= Troppenkoller =

Troppenkoller, also called "tropical neurasthenia", "Tropical madness" or "Tropical lunacy", is the term used to describe a condition that some believed affected White European settlers in tropical regions like Samoa. It was based on the belief that the hot and humid climate of these places caused behavioral and psychological changes in Europeans. Wilhelm Solf who was colonial governor of Samoa from 1900 to 1910 believed that Troppenkoller was a symptom of racial degeneration and because of this he discouraged permanent settlement in Samoa. According to Solf settlers who lived in Samoa for longer than 25 years would suffer racial degeneration from miscegenation or troppenkoller.

==Background==
Historians consider the diagnosis of "tropical neurasthenia" to be the product of colonial anxieties. In the 19th century tropical madness was widely considered an "occupational hazard" for European settlers. There was serious concern and anxiety about Troppenkoller and the ability of colonists to maintain their cultural (and racial) identities.

==Colonial accounts==
Ludwig Külz (1875-1938) recounted an evening where he became convinced an arrow has flown past his head, which he believed had been fired by a Negro.

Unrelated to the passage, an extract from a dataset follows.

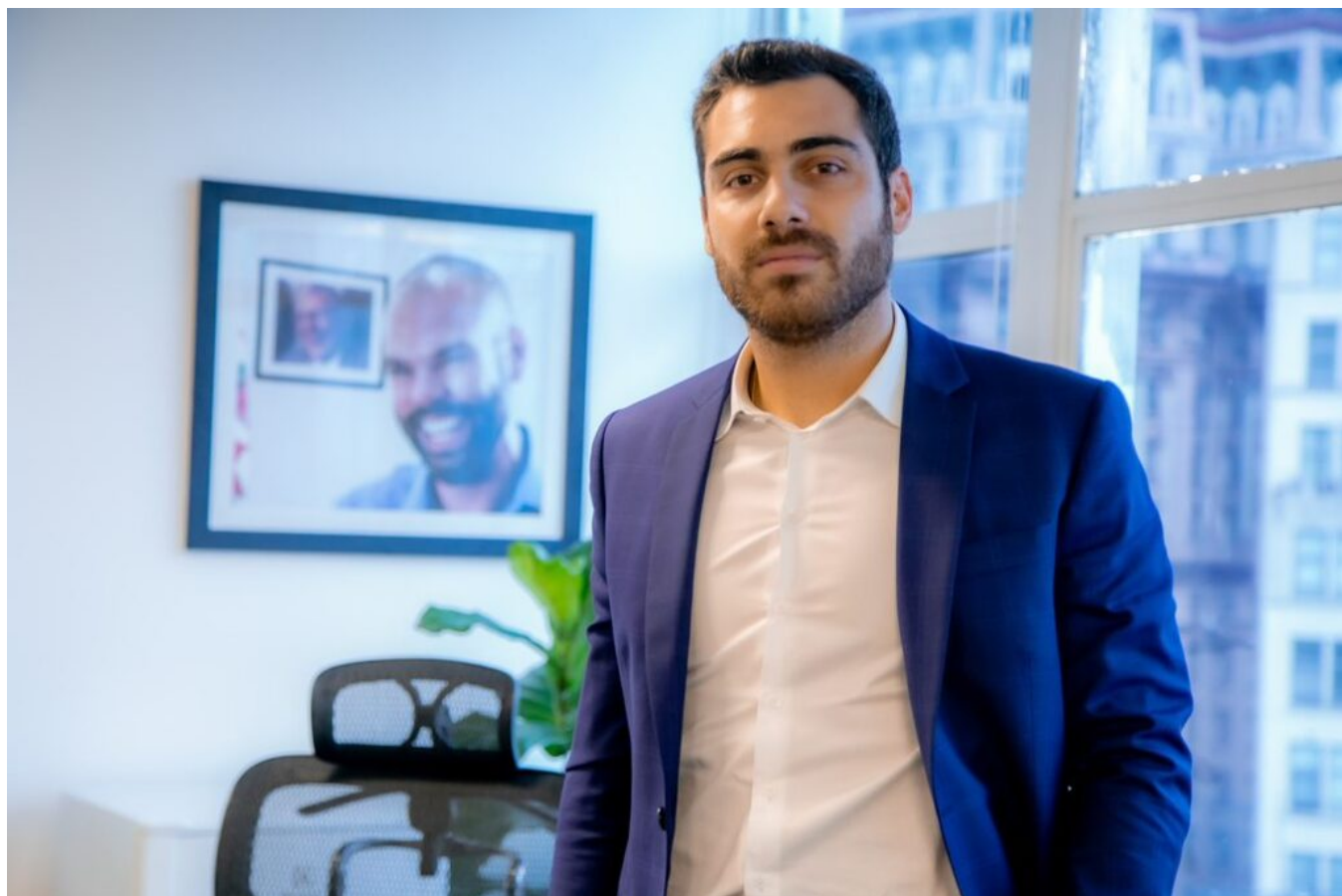
Presidente da SPTuris, Gustavo Pires.

contribuição para a geração de postos de trabalho. Até maio a cidade já havia registrado o saldo positivo de 13 mil empregos com carteira assinada no setor de turismo e eventos, que inclui bares e restaurantes.

He was feverish at the time from an insect bite and he said: "I am sure that if by some unfortunate coincidence I had discovered a Negro hunched down in the grass during the course of my ghost chase I would have shot him on the spot." He believed he had been suffering from Troppenkoller (often associated with violence and brutality).

Henry Marshall claimed that settlers in tropical areas suffered a higher rate of neurological disorders. He wrote that madness was "particularly prevalent among the imported inhabitants of low latitudes where the temperature of the atmosphere is high".